* _The task_:
Starting with the line that holds "以10月23日收盘价计算,蓝" and stopping after the line that holds "91% Y-Y จ่อปรับเป้ายอดขายที่ดินรับอานิสงส์ย้ายฐานการลงทุนพุ่ง", repeat the lines below word for word, without the pictures.

━━━━━ Available records ━━━━━

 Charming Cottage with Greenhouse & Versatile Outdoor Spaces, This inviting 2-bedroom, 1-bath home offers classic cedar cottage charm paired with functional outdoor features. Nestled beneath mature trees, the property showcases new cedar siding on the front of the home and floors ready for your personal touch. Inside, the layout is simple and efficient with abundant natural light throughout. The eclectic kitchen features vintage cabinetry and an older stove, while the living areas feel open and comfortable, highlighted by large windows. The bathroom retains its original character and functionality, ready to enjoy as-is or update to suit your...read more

━━━━━
━━━━━ Available records ━━━━━

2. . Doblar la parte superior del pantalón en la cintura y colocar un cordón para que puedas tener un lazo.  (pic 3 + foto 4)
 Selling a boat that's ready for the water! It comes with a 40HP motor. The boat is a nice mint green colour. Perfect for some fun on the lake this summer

━━━━━
━━━━━ Available records ━━━━━

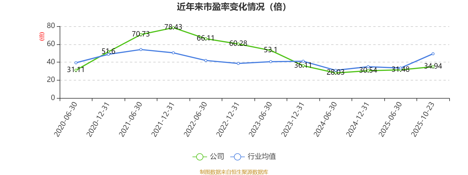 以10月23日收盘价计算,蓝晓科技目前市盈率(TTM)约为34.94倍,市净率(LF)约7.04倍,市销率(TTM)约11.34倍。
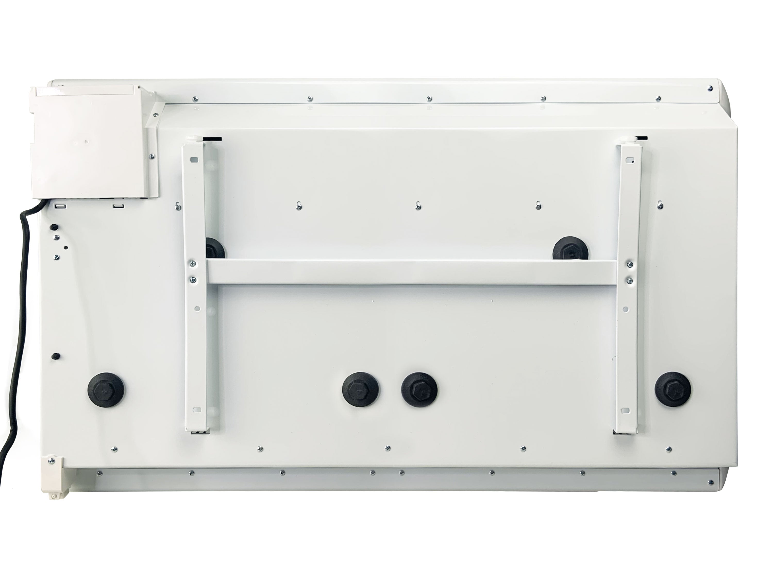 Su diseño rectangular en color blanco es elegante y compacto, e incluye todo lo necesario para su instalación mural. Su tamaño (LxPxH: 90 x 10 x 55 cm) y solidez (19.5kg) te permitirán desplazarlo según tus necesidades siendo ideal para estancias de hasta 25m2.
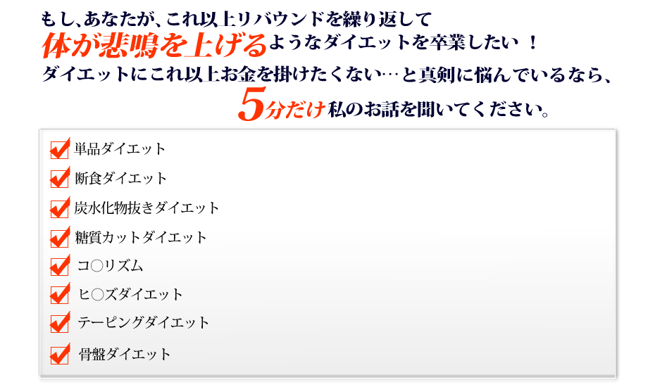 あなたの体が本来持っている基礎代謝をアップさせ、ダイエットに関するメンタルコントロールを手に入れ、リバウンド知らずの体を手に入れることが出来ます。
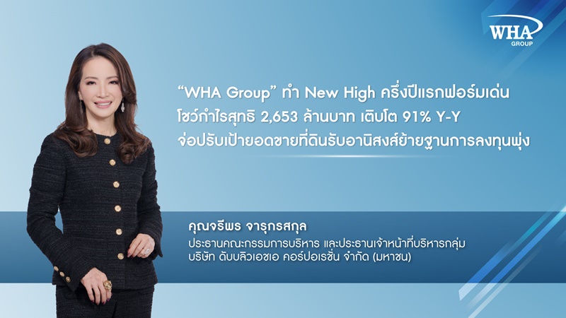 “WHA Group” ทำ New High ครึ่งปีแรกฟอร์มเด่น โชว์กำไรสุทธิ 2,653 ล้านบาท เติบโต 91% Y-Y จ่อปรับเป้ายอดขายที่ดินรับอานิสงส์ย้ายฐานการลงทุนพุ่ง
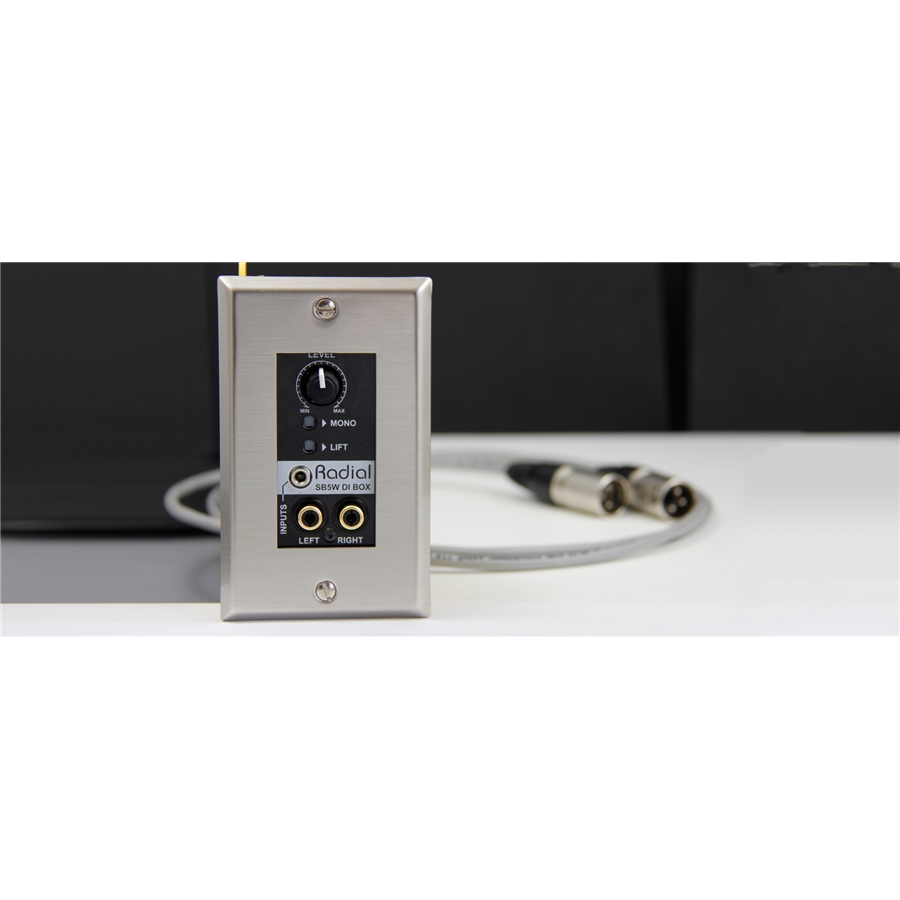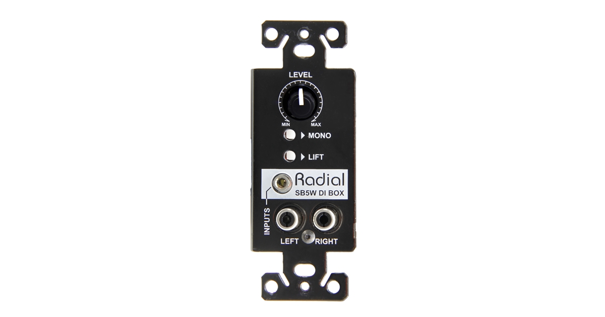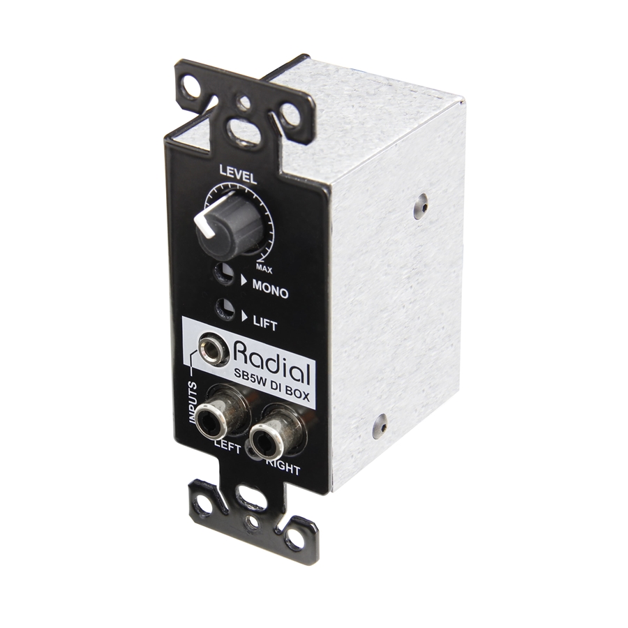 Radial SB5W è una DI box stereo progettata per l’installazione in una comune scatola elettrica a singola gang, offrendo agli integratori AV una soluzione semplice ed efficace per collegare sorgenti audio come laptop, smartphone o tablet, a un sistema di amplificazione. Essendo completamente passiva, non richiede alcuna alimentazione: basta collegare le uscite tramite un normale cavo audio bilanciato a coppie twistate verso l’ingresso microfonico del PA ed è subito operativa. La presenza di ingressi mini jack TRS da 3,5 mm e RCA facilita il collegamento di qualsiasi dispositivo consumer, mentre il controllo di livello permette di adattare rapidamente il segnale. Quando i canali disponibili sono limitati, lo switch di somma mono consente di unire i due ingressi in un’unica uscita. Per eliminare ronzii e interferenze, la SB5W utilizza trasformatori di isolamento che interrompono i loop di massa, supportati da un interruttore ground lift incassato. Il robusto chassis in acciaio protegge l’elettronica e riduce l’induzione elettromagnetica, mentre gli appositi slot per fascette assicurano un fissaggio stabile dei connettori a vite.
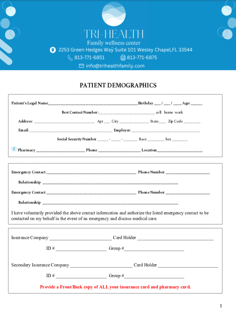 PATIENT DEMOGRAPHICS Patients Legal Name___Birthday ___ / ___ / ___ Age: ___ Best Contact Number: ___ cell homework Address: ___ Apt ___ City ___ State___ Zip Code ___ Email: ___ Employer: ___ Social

━━━━━

* _Written reply_:
 以10月23日收盘价计算,蓝晓科技目前市盈率(TTM)约为34.94倍,市净率(LF)约7.04倍,市销率(TTM)约11.34倍。
 Su diseño rectangular en color blanco es elegante y compacto, e incluye todo lo necesario para su instalación mural. Su tamaño (LxPxH: 90 x 10 x 55 cm) y solidez (19.5kg) te permitirán desplazarlo según tus necesidades siendo ideal para estancias de hasta 25m2.
 あなたの体が本来持っている基礎代謝をアップさせ、ダイエットに関するメンタルコントロールを手に入れ、リバウンド知らずの体を手に入れることが出来ます。
 “WHA Group” ทำ New High ครึ่งปีแรกฟอร์มเด่น โชว์กำไรสุทธิ 2,653 ล้านบาท เติบโต 91% Y-Y จ่อปรับเป้ายอดขายที่ดินรับอานิสงส์ย้ายฐานการลงทุนพุ่ง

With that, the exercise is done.